Exactly retype the opening line of the entries and every line after it, ending with the line that contains "最后是轰隆炮,它作为挖坑流派". Skip all pictures.

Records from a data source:
********
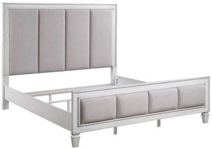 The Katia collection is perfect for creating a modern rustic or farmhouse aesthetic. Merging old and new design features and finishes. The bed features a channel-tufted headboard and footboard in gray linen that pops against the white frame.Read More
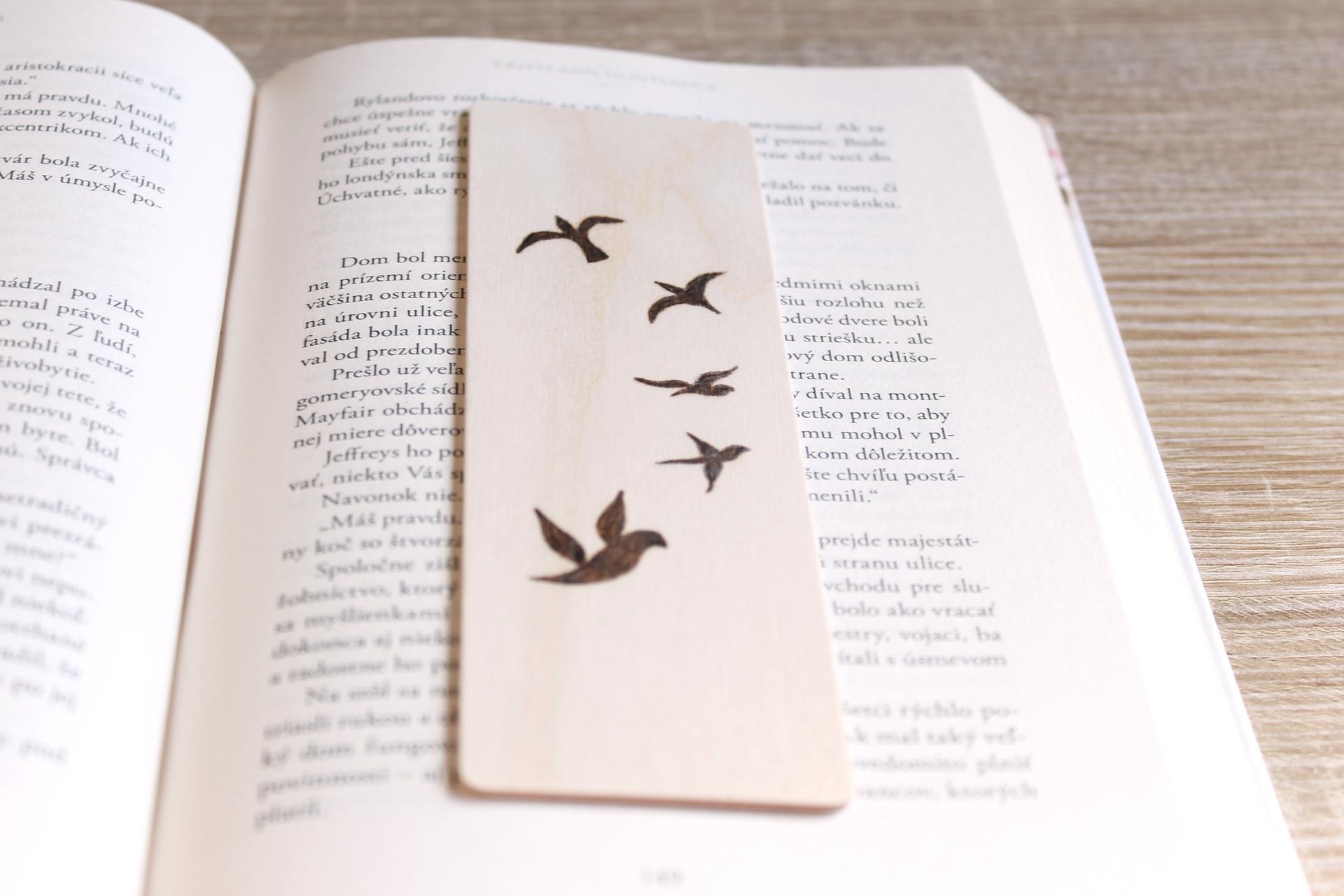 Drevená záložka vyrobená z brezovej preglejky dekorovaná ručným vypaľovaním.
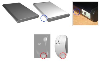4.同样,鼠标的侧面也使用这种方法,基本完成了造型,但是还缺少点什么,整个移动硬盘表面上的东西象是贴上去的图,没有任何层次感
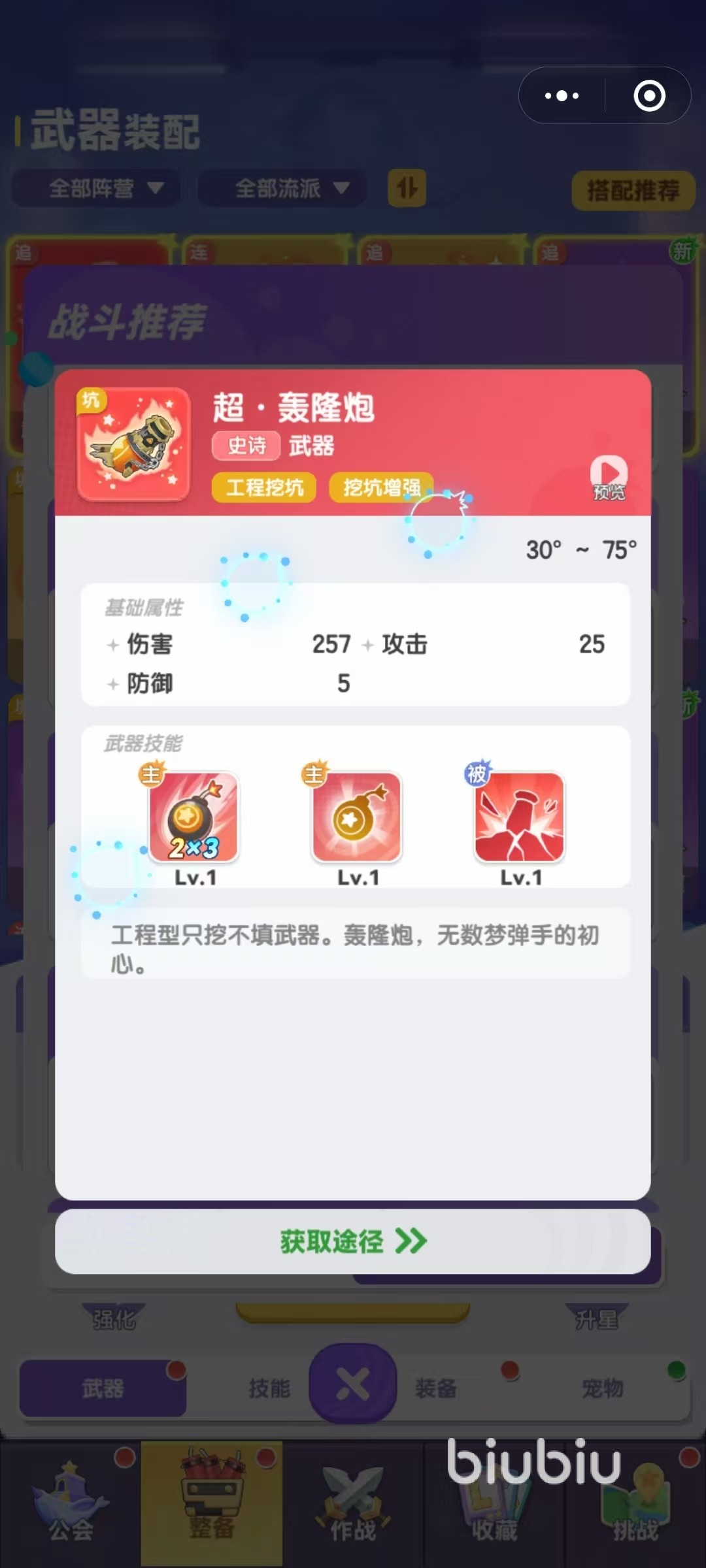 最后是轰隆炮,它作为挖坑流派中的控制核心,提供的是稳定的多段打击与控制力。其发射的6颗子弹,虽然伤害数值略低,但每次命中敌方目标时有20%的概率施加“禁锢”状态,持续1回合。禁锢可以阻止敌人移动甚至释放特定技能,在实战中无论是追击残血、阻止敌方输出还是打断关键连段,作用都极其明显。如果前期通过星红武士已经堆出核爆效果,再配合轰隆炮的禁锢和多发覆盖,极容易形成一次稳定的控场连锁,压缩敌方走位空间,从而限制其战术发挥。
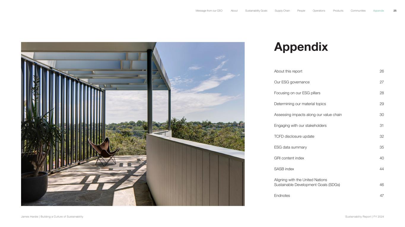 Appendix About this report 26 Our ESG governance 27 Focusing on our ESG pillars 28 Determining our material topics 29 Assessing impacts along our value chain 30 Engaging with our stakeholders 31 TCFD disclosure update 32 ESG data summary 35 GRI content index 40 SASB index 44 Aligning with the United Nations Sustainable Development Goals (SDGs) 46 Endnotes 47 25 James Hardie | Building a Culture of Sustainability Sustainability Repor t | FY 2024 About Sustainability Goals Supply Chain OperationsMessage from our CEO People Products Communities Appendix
********
* Written solution:
 The Katia collection is perfect for creating a modern rustic or farmhouse aesthetic. Merging old and new design features and finishes. The bed features a channel-tufted headboard and footboard in gray linen that pops against the white frame.Read More
 Drevená záložka vyrobená z brezovej preglejky dekorovaná ručným vypaľovaním.
4.同样,鼠标的侧面也使用这种方法,基本完成了造型,但是还缺少点什么,整个移动硬盘表面上的东西象是贴上去的图,没有任何层次感
 最后是轰隆炮,它作为挖坑流派中的控制核心,提供的是稳定的多段打击与控制力。其发射的6颗子弹,虽然伤害数值略低,但每次命中敌方目标时有20%的概率施加“禁锢”状态,持续1回合。禁锢可以阻止敌人移动甚至释放特定技能,在实战中无论是追击残血、阻止敌方输出还是打断关键连段,作用都极其明显。如果前期通过星红武士已经堆出核爆效果,再配合轰隆炮的禁锢和多发覆盖,极容易形成一次稳定的控场连锁,压缩敌方走位空间,从而限制其战术发挥。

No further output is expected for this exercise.